April 26, 2018

The Dancing Queen

A few years ago my daughter gave me a plaque with the inscription Dance Like There Is No One Looking. Tears poured down my cheeks in a surprise outburst of emotion ... my child understood, clearly saw, and acknowledged my spirit.

My family has watched (in horror?) as I "secretly" danced around the house, in the yard, car, and occasionally, publicly, on the dance floor. Elaine Benes on Seinfeld had nothing on me - we shared a unique dance expression.

Seinfeld The Elaine Dance* https://www.bing.com/videos/search?q=Elaine+Seinfeld+Dancing+Long+Version&&view=detail&mid=837E63003BC598A9F80D837E63003BC598A9F80D&&FORM=VRDGAR

In junior high I attended an occasional dance with my girlfriend where we were mercilessly teased and mimicked by the boys (boys will be boys, sigh). Over the years, as I revisited the memory, my confidence had already been affected to the point where I'd hide my "cool" dance moves. I still danced but for my eyes and entertainment only.

A turning point in my dance-insecurity was at a cousin’s wedding ... an aunt pulled me to the dance floor as the DJ played a particularly popular and fun song. Now this aunt was a wonderful dancer, as are some of my family, so I was hesitant, shy, afraid, and excited all at the same time. My aunt's beaming smile was an encouragement and so I danced albeit stiffly and awkwardly.

The first dance ended and we were having a ball. I felt eyes on us and almost backed off the floor but the pull of the music was too much. We urged some of our children onto the floor and all evening I danced "like there was no one looking". I felt like The Dancing Queen. I twisted, bopped my head, bobbed my rear, even made up dance moves for the lyrics of some songs. Concern for other's opinion went out the window to the lyrics of Y M C A. I just danced! Just danced!

My imperfections are abundant, especially in dancing, but overall and in the scheme of life - who cares? Bullies can impact our future - I absolutely know - but it is so refreshing to rise above the memories and be relatively free of judgers (still a work in progress). Dancing freely as I do now at weddings is so much fun and allows me to express myself, perhaps I make myself a "fool" - I feel at peace with this.

Just remember if you are going to invite me to your family wedding -- I have me some good moves, and I'll use them.
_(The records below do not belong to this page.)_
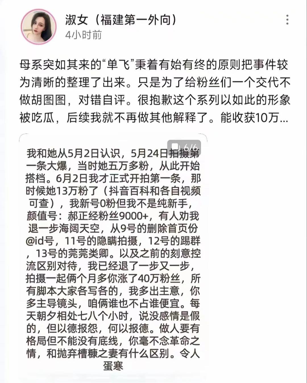然而,美好的时光并没有持续多久。随着视频流量的逐渐增加,@阿喵(福建第一内向)与另一位女性合拍博主@淑女(福建第一外向)有差距。@阿喵(福建第一内向)首先在个人介绍中删除了所有其他合拍演员的账号,只留下了自己的小号介绍。
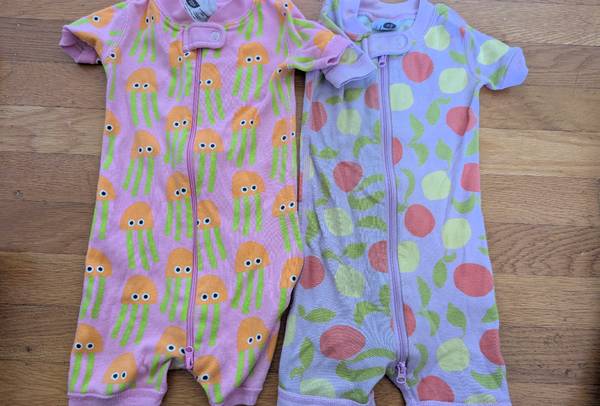 18. $5: 2 Hanna Andersson short sleeved pajama onesies in good condition.
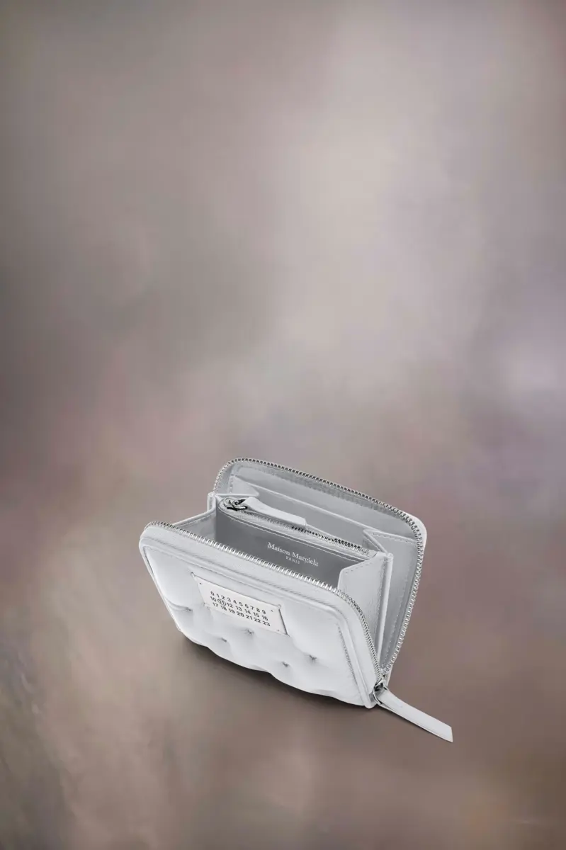The Glam Slam small wallet is crafted from specially embroidered nappa leather, with a zip-around design and inner zipped coin holder. The Glam Slam debuted in the SS18 show and has a quilted design which mimics matelassé – the style of hand-stitched quilts created in Marseilles, France. The concept reflects the Maison’s notion of unconscious glamour and evokes its association to comfort, following the study into dressing and travelling rituals worldwide. It is adorned with the numeric logo label at the front.
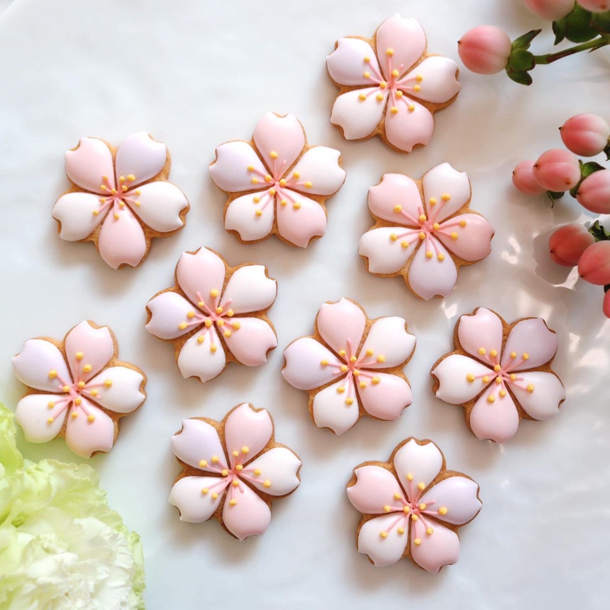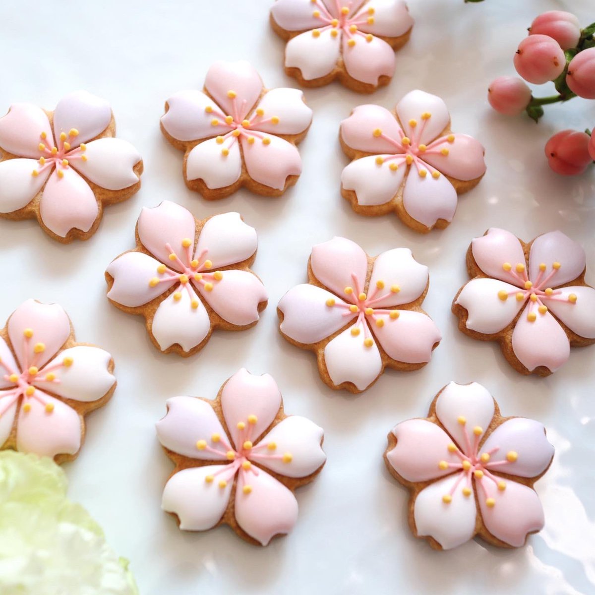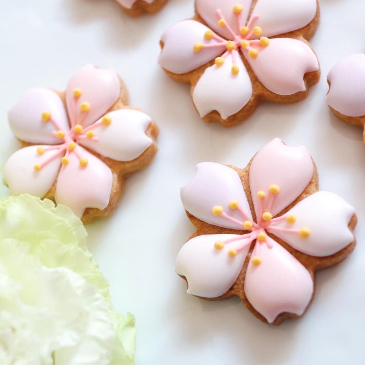 🌸桜アイシングクッキー🌸 昨日の動画で作ってた桜クッキーの完成形がこちらです⸜(๑⃙⃘'ω'๑⃙⃘)⸝💕

"In Feresten's 8th-season Seinfeld episode "The Little Kicks," the dance has more disastrous effects for Elaine (Benes): Her staff at J. Peterman, after seeing her dance, loses respect for her. When Jerry and Kramer tell her she "stinks" at dancing, she videotapes herself to see -- and wrecks the bootlegged movie Jerry was working on." (from Yahoo! TV Jennifer Keishin Armstrong, Oct. 10, 2016)



April 17, 2018

Pursued by a Bear

My breath came in gasps as panic-adrenalin fed my legs allowing me to run faster as a bear chased me, matching step-for-step, loud and intense, my life was about to end. Skip-running frantically in the calf-deep waves of Lake Michigan - a forest on one side and open water on the other - and a bear paralleling me in the woods.

The bear kept pace with me as my legs rose and fell quickly slicing through the cold wavy lake, my only thought was "it" was going to hurt, and hurt badly. 

Terrified of bears since I was a child this was my worst nightmare ... perhaps my last one. 

I ran faster, my wet clothes sloshing and splashing in the water.

I slowed to catch my breath. 

The bear slowed down.

I ran. 

The bear ran.

The waves were too noisy for anyone to hear me scream, as if I could.  My breath was coming in such gasps that I was forced to slow again. I bravely or stupidly looked back.  The bear stopped, and although the forest hid the beast, I felt how close he was, sensed him, smelled his musty fur.

I ran, and the bear started after me again. With each paw step closer, my panic intensified.

As I was about to be crunched in the bear's jaws a funny noise came from my shorts. I slowed down, the bear slowed down. Oh my good Lord, the noise was the sound my wet canvas shorts made as canvas rubbed on canvas making a strangely bear-sounding noise. The bear was the noise of my pants. 

I breathlessly laughed from the tension at my narrow escape from what I thought was a sure and painful death. 

I suppose my take-away is that if you are terrified of something unseen - stop and breathe - the "thing" may be a figment of imagination created from your own wet pants.